The explosive growth in digital technologies has radically altered our expectations about what will be private and shifted our thinking about what should be private. It has made privacy violations easier and potentially more numerous. Indeed, it is remarkable that we no longer blink at intrusions that a decade ago would have seemed shocking. Unlike with the story of secrecy, there was no single technological event that caused the change, no privacy-shattering breakthrough—only a steady advance on several technological fronts that ultimately passed a tipping point.

Sensor devices got cheaper, better, and smaller. Tiny cameras, GPS units, and microphones have gone from the stuff of spy museums to the banality of everyday carry. Once they became useful consumer goods, we seemingly worried less about their uses as surveillance devices. Instead of trying to come up with a unifying theory of privacy and its value, we find ourselves piecing together privacy from feelings of discomfort and regret amid the abundance. It’s that much harder when we’re the ones bringing spies into our own homes and those of our friends, when we trade privacy against conviviality and convenience.

Smile While We Snap!

Big Brother had his legions of cameras, and the City of London has theirs today. But for sheer photographic pervasiveness, nothing beats the cameras in the cell phones in the hands of everyday people. Flying out before the Fourth of July, Helen was asked to switch seats with another woman who wanted to be seated with her boyfriend. She took her seat a row up and struck up a conversation with her new seatmate, unaware that the row behind was filming them as romance. The pair she had helped were tweeting the flight, hashtagged #PlaneBae, and the story soon made the rounds of television morning shows. Innocent fun, it might seem, but not for Helen, who stated (through lawyers),

  • Without my knowledge or consent, other passengers photographed me and recorded my conversation with a seatmate. They posted images and recordings to social media, and speculated unfairly about my private conduct.

  • Since then, my personal information has been widely distributed online. Strangers publicly discussed my private life based on patently false information.

  • I have been doxxed, shamed, insulted and harassed. Voyeurs have come looking for me online and in the real world.8

The massive dissemination of cheap cameras coupled with universal access to the Web enables a kind of vigilante justice—a ubiquitous Little-Brotherism, in which we can all be detectives, judges, and corrections officers. Bloggers can bring global attention to ordinary citizens.

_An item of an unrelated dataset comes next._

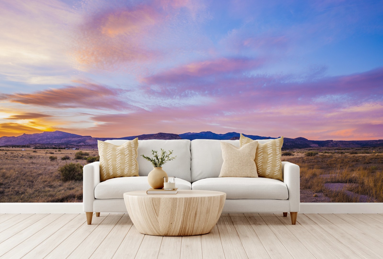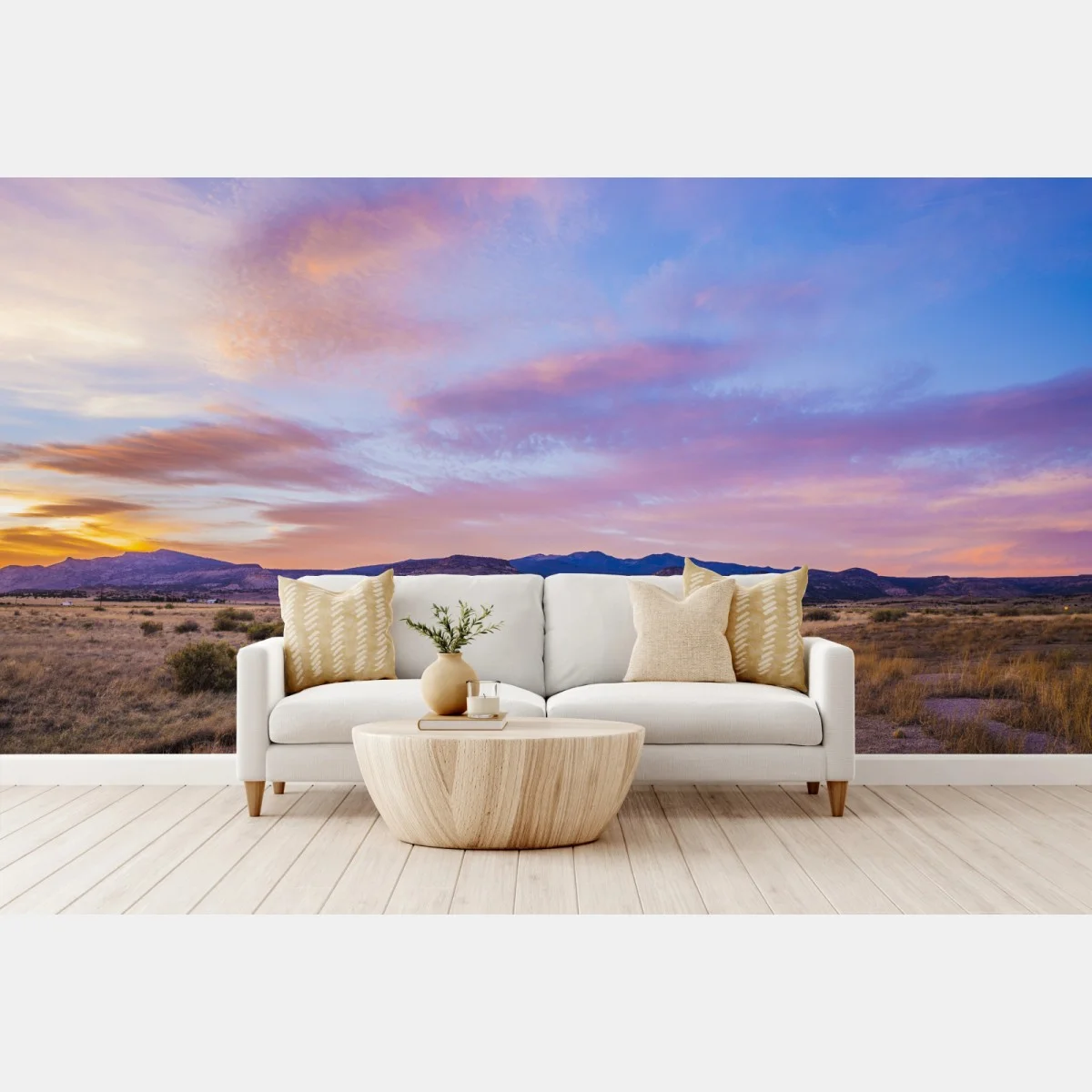 Fototapete Pastellsonnenuntergang über wüstenbergen

For every lens aimed deliberately, there are also scores more watching unattended: public and private observation and surveillance. Main Street is lined with security cameras peeping from store windows and police surveillance cameras, some of which even offer public viewing. Leafy Lane may be watching, too, thanks to networks of Ring doorbells and vigilant neighbors in Nextdoor groups. Coupled with automated facial recognition, the wired streets could be building dossiers on us all.

Looking at images on the Web is now a leisure activity that anyone can do at any time, anywhere in the world. Using Google Street View, you can sit in a café in Tajikistan and identify a car that was parked in my driveway when Google’s camera came by (perhaps months ago). From Seoul, you can see what’s happening right now, updated every few seconds, in Piccadilly Circus or on the strip in Las Vegas. These views were always available to the public, but cameras plus the Web change the meaning of “public.”

Some of the intrusions into our privacy come because of the unexpected, unseen side effects of things we do quite voluntarily. While the Fourth Amendment protects us from overreach of government surveillance, there is only patchwork legal consideration of private information gathering in the United States. Companies routinely gather and infer information about individuals and use it to customize product offerings and advertisements. As the saying goes, if you’re not paying, you’re the product.